I really like it and can clearly see your skill but the back is blown out to the point where its distracting and makes the eye wander around looking for something to grab onto.. Perhaps turn that  rear flash down or bounce it off something , putting a warm coloured Gel on it might work also ?


----------



## Mark Evans (7 Jul 2009)

davidcmadrid said:
			
		

> I really like it and can clearly see your skill but the back is blown out to the point where its distracting



interesting. 

it really is a case of love and hate i think.    after all these are just experiments   

the over all blown out effect is the whole point of the exercise. 
usually i'd feel unsure whether it was right or wrong, but when you've got amano as a bench mark, i kind of feel i'm in the right direction. i'm sure there's better to come.

when the day arrives, i'll take my time in seeing everything is correct. 

putting a coloured gel over the light will give me the wrong colour I'm after surely?....thats what the coloured backgrounds are for.


----------



## davidcmadrid (7 Jul 2009)

I havent looked at Anamos stuff so if you are trying to mimic a certain style and feel you achieved it congratulations. Perhaps I have missinterpreted the point of the photo ( if thats the experiment btw looking forward to the finished product    ). Please dont take offense that i have commented on one particular element . The Gel doesnt have to be harsh , if the white was even a little creamy so the effect  wasnt so sharp, well at least thats what i had in my minds eye anyhow ( more sense of depth if the background isnt overwhelming removing focus from the front ) ,,  otherwise the lighting is fab as it is in the other stuff i seen from you. I am inspired to start hanging the bowens over my tank even if i have relatively little to photograph  I should see for myself just how hard it is to do what you have done  

Edited: I have now looked at Anamo and with his stuff i prefer the photos were the background isnt "loud". Like this one http://www.amanotakashi.net/portfolio/nature_aquarium/images/024.jpg


----------



## andyh (7 Jul 2009)

I am sure its probably a well guarded secret, but how about a couple of pics of how you set-up your lights and background.i.e a behind the scenes photo. I would really like to try and achieve some great pics like this but i am not sure were to begin?

Thanks

AndyH


----------



## Superman (7 Jul 2009)

I just love seeing Mark's photos, each one is great in it's own way.
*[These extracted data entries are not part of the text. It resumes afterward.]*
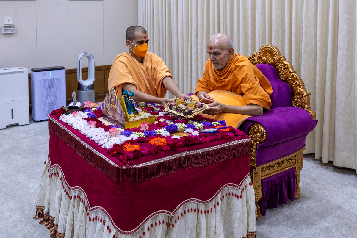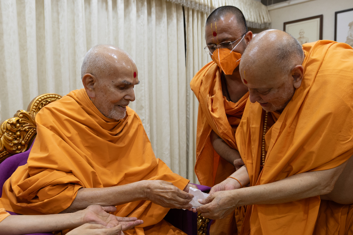 Swamishri gives prasad to Pujya Ishwarcharan Swami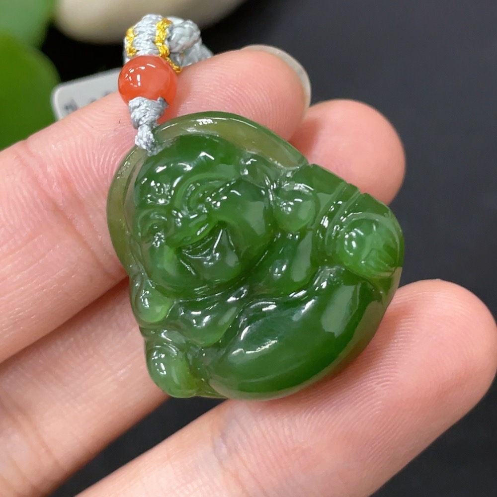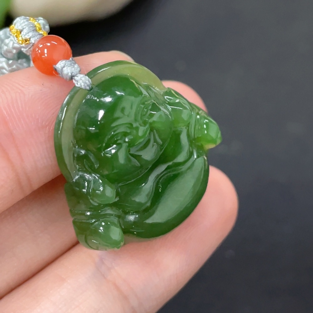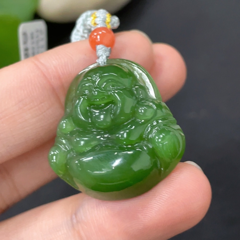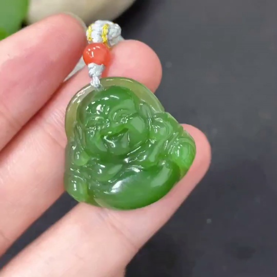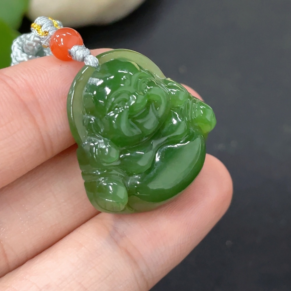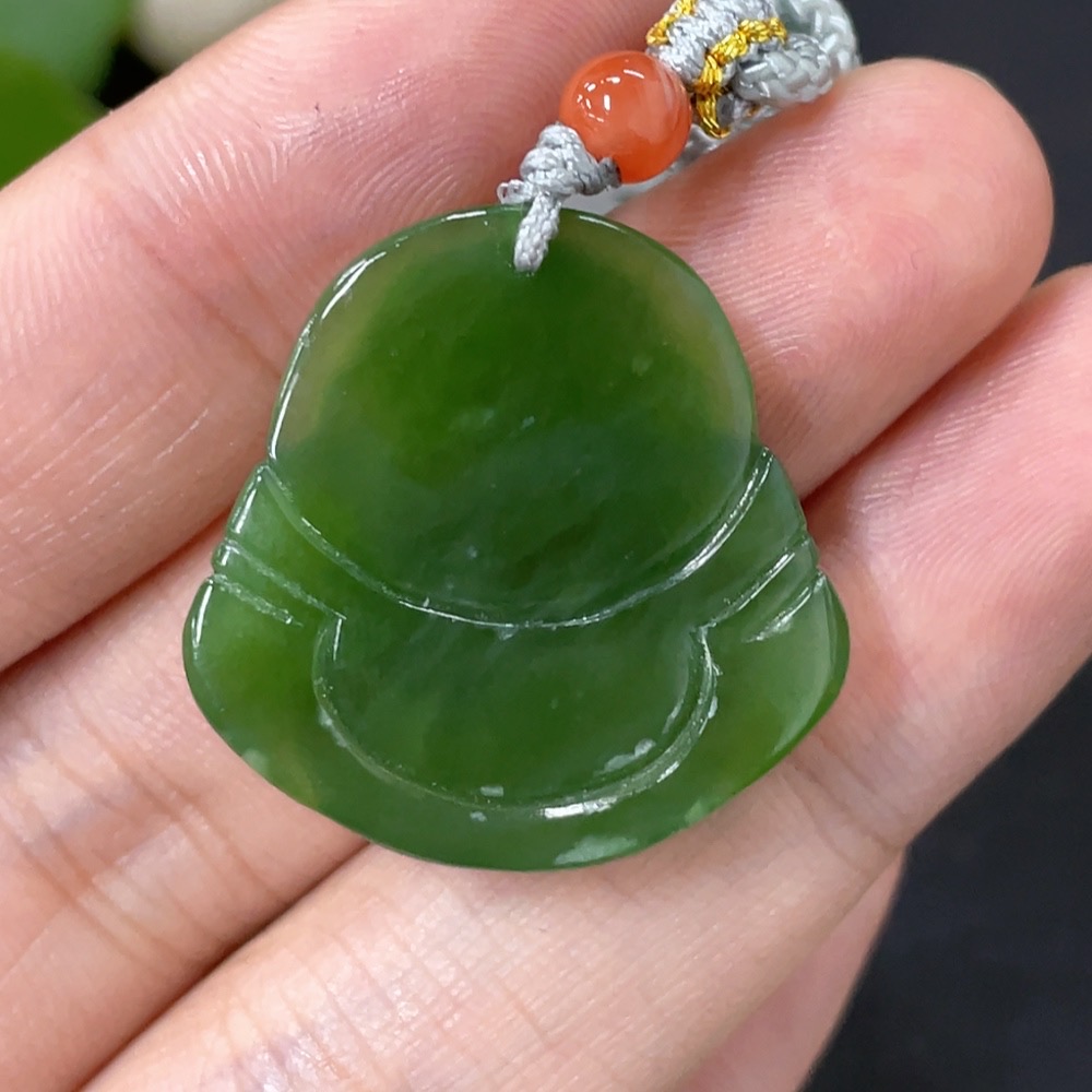 Hetian Jade Pendant Buddha with Non-Hetian Jade Beads Total Weight Approx. 8.5g (Incl. Cord)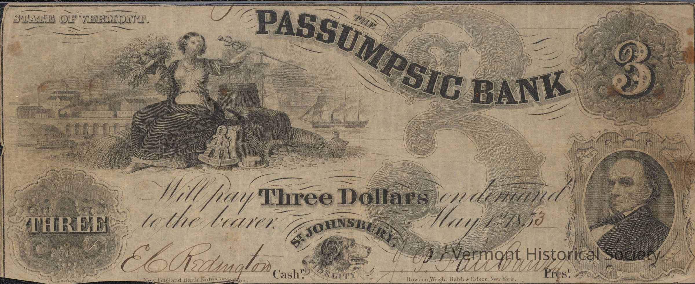 Private bank note for 3 dollars from The Passumpsic Bank in St. Johnsbury, Vermont. It is dated May 1st, 1853, and signed by E. C. Redington (cashier) and J. P. Fairbanks (president).
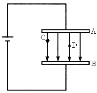如圖所示,金屬板A、B相距30cm,電源電壓為60V,則勻強電場的場強為多少?方向如何?若B板接地,A板電勢為多大?若C點離A板10cm,D點離B板15cm,則C、D兩點電勢差為多大?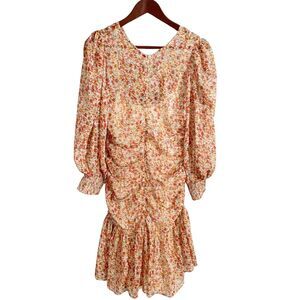 byTiMo Chiffon Rouched Mini Dress Sheer Flowers Medium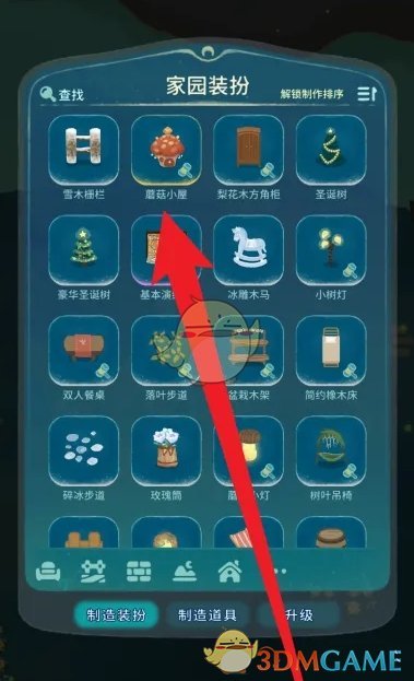 2、在家园建造玩法内,点击家园装扮,选择蘑菇小屋进行制造;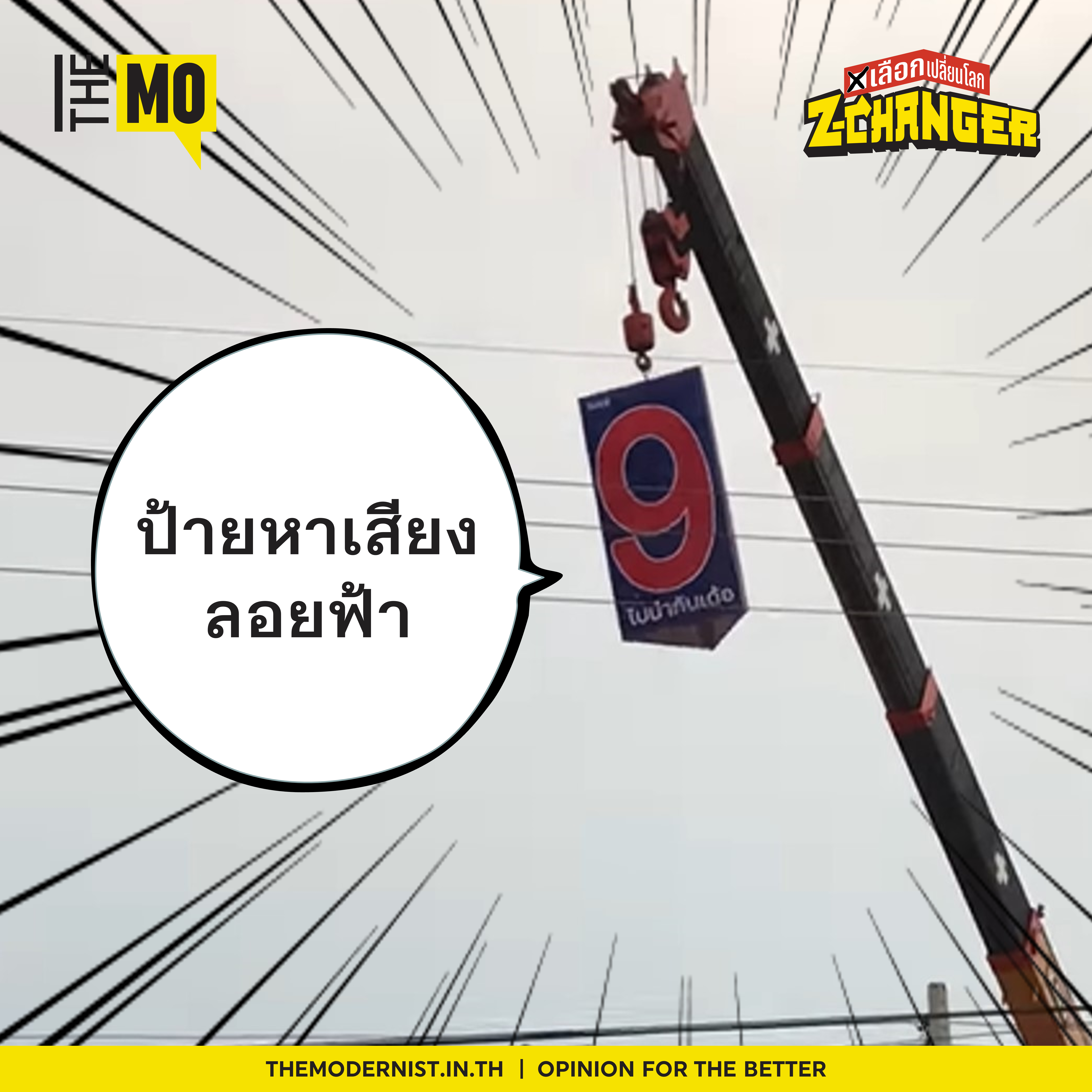 ติดป้ายหาเสียงข้างทางมันเกะกะ รกหูรกตา ผู้สมัคร ส.ส. พรรคไทยสร้างไทย จังหวัดยโสธร อย่าง ‘วรายุทธ จงอักษร’ ผู้สมัครที่ตั้งใจเข้ามาแก้ปัญหาให้คนในท้องถิ่นได้มีคุณภาพชีวิตที่ดีขึ้น จึงเลือกวางป้ายหาเสียงไว้ในที่ที่ไม่บดบังสายตาผู้คน ด้วยการวางไว้บนอากาศ โดยการเอาเชือกมามัดเข้ากับป้ายที่ติดเป็นสามเหลี่ยม แล้วขึ้นไปโหนด้วยเครนท้าทายสายตาผู้คนที่ผ่านไปผ่านมาให้หยิบกล้องขึ้นมาถ่าย

I'm always amazed on how clean your tanks look, god knows how much work you put into getting and keeping everything clean. If only mine were half a clean.


----------



## BigTom (7 Jul 2009)

Nice shots. Personally I'm not entirely sure on the combination of white and blue, if you have the whole background entirely white then it looks less like blowout and more of a stylistic choice. I played around with backlighting a couple of years, it's a lot of fun and you can get some pretty striking results (obviously not a real tank setup):


----------



## Mark Evans (7 Jul 2009)

wow, nice results.  

so is deviantart.com your website?

there's some cool work you've done.


----------



## Mark Evans (7 Jul 2009)

i forget to thank everyone else for there kind words.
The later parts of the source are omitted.